**What to work on:** Restate the data word for word and leave the images out.

Start of The data

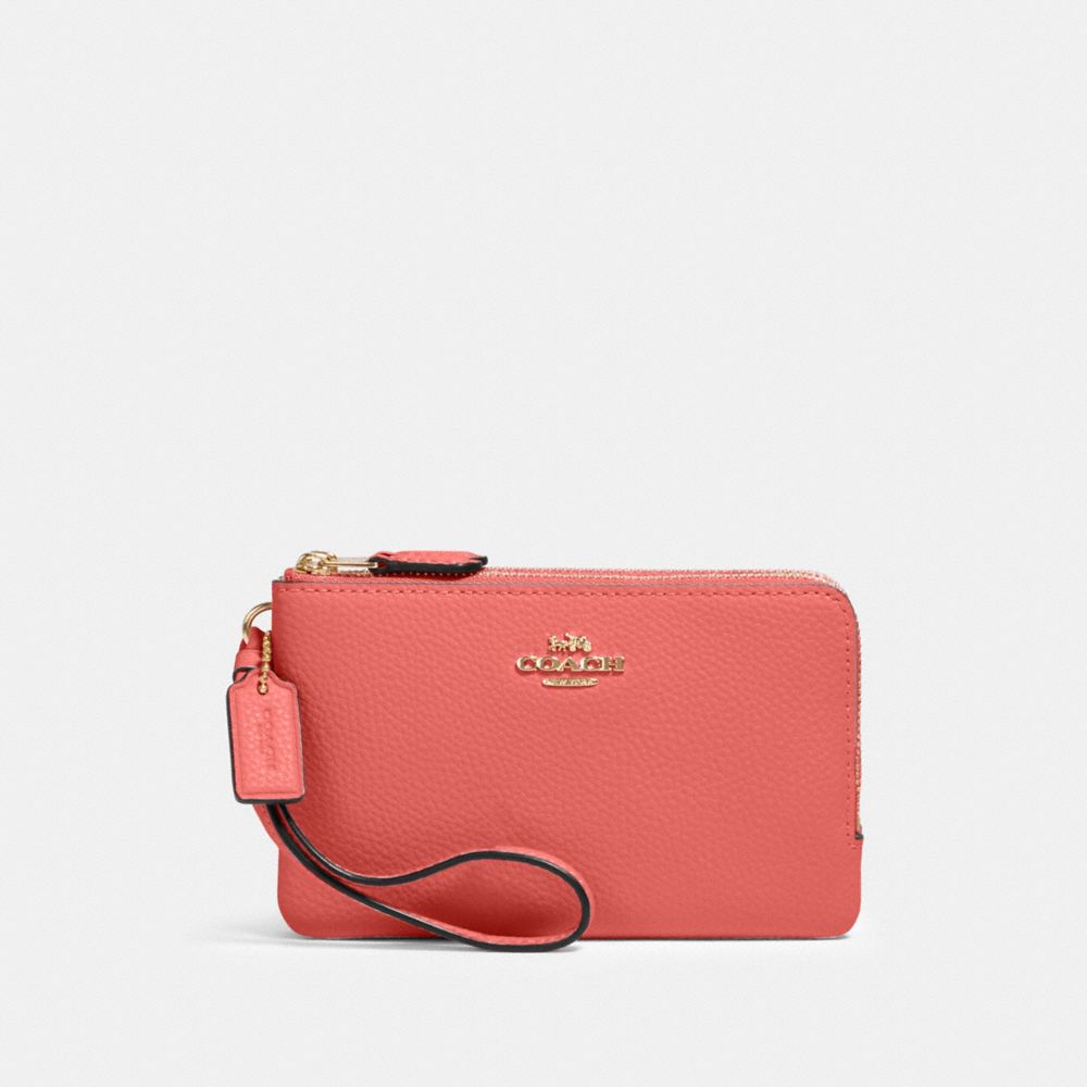 Polished pebble leather| Two credit card slots| Double zip closure, fabric lining| Wrist strap attached| 6 1/2" (L) x 3 3/4" (H) | Fits an iPhone or Android
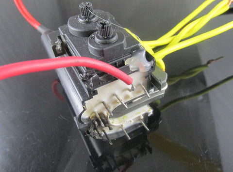 To prepare for the useful ones out of the vast number of connector pins a flyback usually has. the first thing is to cut off 2 wires and glued it since the 2wires will be not used anymore.
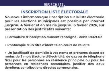 Inscription liste électorale Nous vous informons que l’inscription sur la liste électorale pour les élections municipales est possible par internet jusqu’au 4 février et en mairie jusqu’au 6 février 2026,
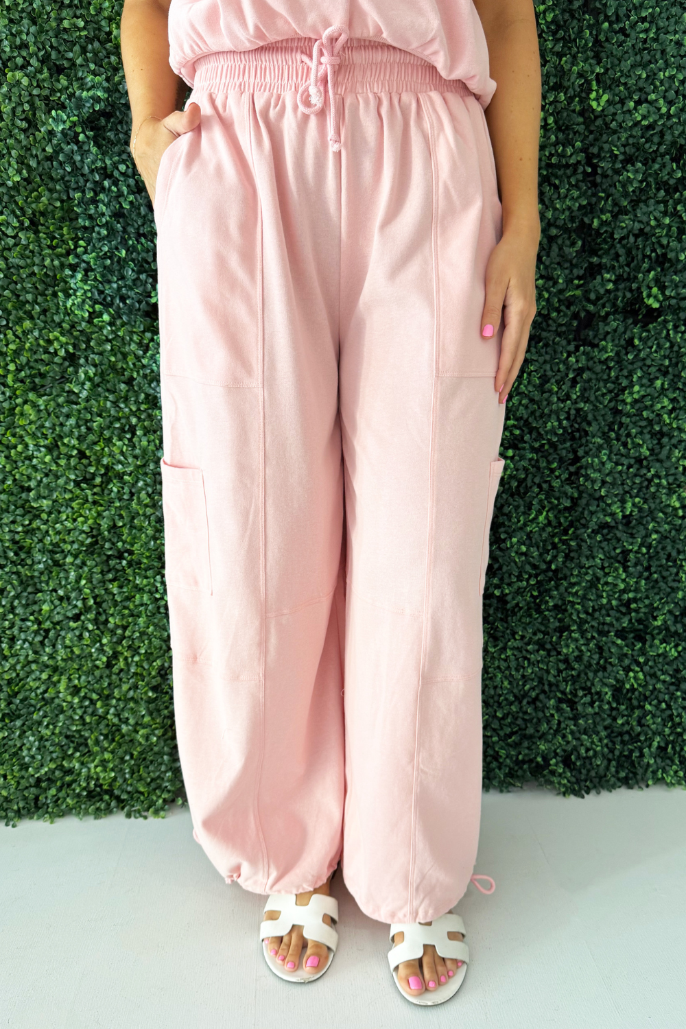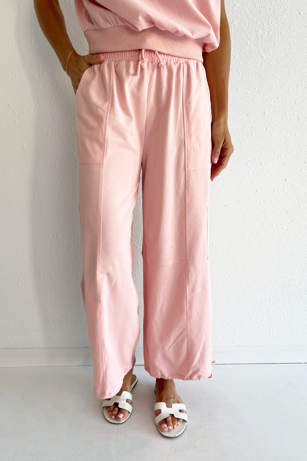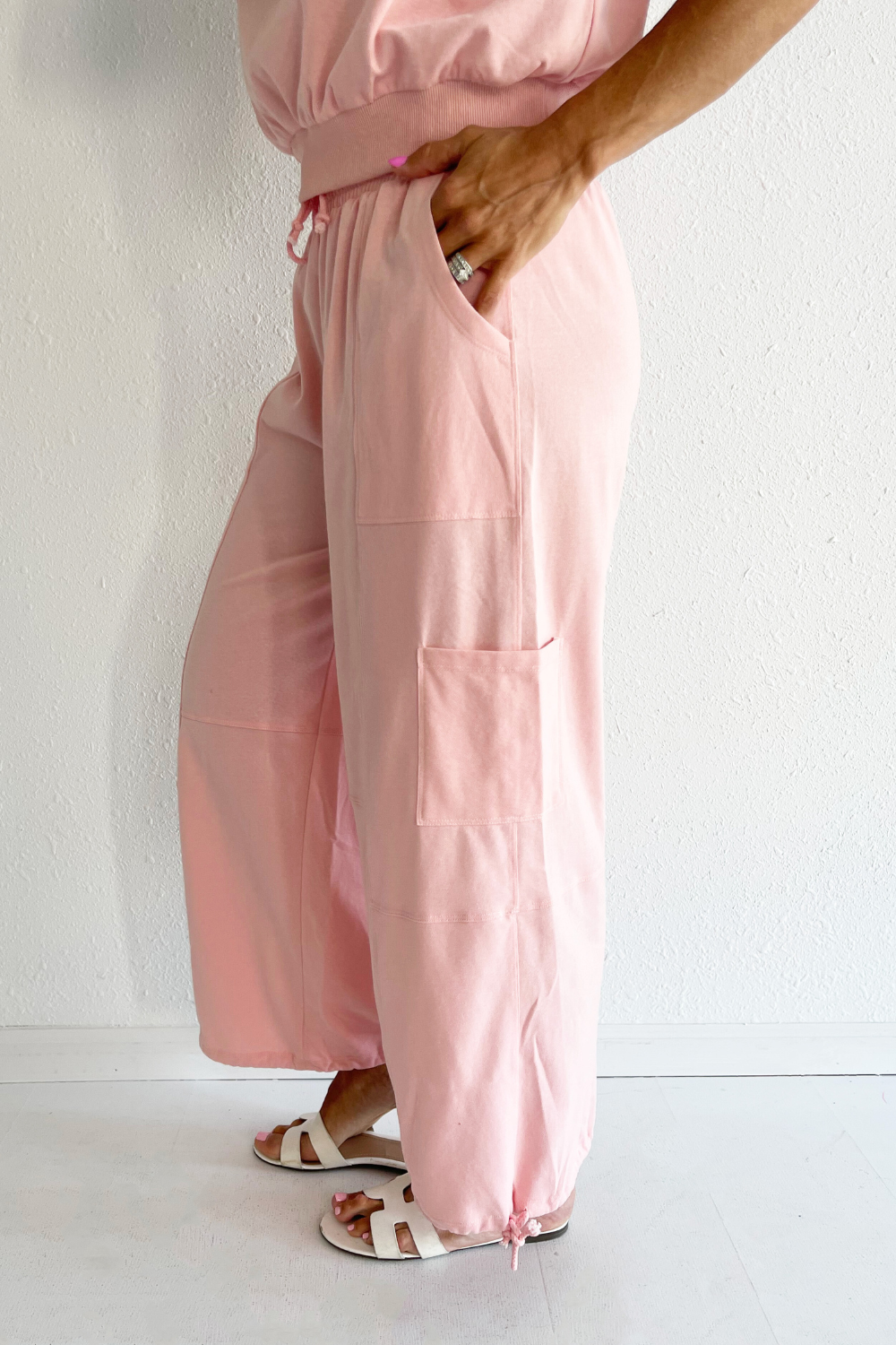 Crafted for comfort and style, these pants feature a relaxed, baggy fit that effortlessly exudes laid-back vibes. The drawstring on the leg opening adds a touch of versatility, allowing you to adjust the fit to your preference. Go in the soft and sweet hue of baby pink this summer! Wear these pants with the Lightweight Knit Top for a matching set.
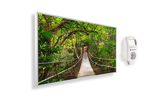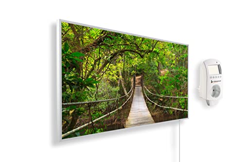 Könighaus Chauffage d’appoint infrarouge avec photo - 1000 W + Smart Thermostat connecté & appli Könighaus - Chauffage mural infrarouge économe avec motif - Cadre blanc (05. Pont dans la jungle)

End of The data

**Result of this exercise:**
 Polished pebble leather| Two credit card slots| Double zip closure, fabric lining| Wrist strap attached| 6 1/2" (L) x 3 3/4" (H) | Fits an iPhone or Android
 To prepare for the useful ones out of the vast number of connector pins a flyback usually has. the first thing is to cut off 2 wires and glued it since the 2wires will be not used anymore.
 Inscription liste électorale Nous vous informons que l’inscription sur la liste électorale pour les élections municipales est possible par internet jusqu’au 4 février et en mairie jusqu’au 6 février 2026,
 Crafted for comfort and style, these pants feature a relaxed, baggy fit that effortlessly exudes laid-back vibes. The drawstring on the leg opening adds a touch of versatility, allowing you to adjust the fit to your preference. Go in the soft and sweet hue of baby pink this summer! Wear these pants with the Lightweight Knit Top for a matching set.
 Könighaus Chauffage d’appoint infrarouge avec photo - 1000 W + Smart Thermostat connecté & appli Könighaus - Chauffage mural infrarouge économe avec motif - Cadre blanc (05. Pont dans la jungle)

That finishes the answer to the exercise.